In the UK, journalists dare to doubt the meat puppet that is the prime minister, who claims that the government’s handling of coronavirus is a great success. People keep dying – but “move on”, there is nothing to see here. It’s only the #scumedia that won’t get back to “normal”.

Distrust us all you like. Distrust me. I have worked for leftwing papers and rightwing papers and both have made me particularly uncomfortable in their closeness to the political parties. The systme of lobby journalism feels like a corrupt anachronism. The political and media classes have been way too close for way too long.
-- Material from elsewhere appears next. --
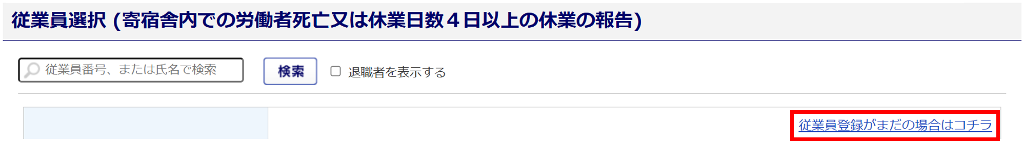 「従業員登録がまだの場合はコチラ」をクリックしご登録ください。

The new breed of activist/journalists is a response to that, but many of them were so locked into the Corbyn project that often activism came first, truth second and bullying not far behind. As much as these people claim to despise the MSM, they can’t turn down a TV slot or a column,which they now use to blame the media for Corbyn’s terrible defeat.

Intentionally or not, they have fed straight into the fake news agenda. Of course they are right to critique the overwhelming rightwing bias and let a thousand flowers bloom and all that, but journalism is not straightforward activism.

One story may push everything forward but actual people … well, they are the problem. The raw material does not fit into narrow party politics – now less so than ever. They may not be interested in your ideas about how oppressed they are. They may not vote. They may have long seen through the system that all kinds of media prop up. The Westminster bubble supposedly burst after Brexit. Yeah, right. It floats above us now, untethered from reality. If 60,000 deaths won’t burst it, what will?

We know about the deaths, we know the US is on fire, because journalists tell us. And sometimes, because we cannot live only in end times, journalists tell us about clothes and restaurants and films and what moves them, because the media informs and the media entertains and the media is in trouble as we speak. We will come out of this crisis with fewer papers than when we went in.

That may make you happy and you may find you get everything you need from YouTube and the bloke next door who knows for sure there is something in weed that cures corona. But one day, when there is no news and we really have “moved on”, you may find yourself missing something. What is being lost is what is in front of your eyes. There is still more to lose. Trump knows this for sure. So should you.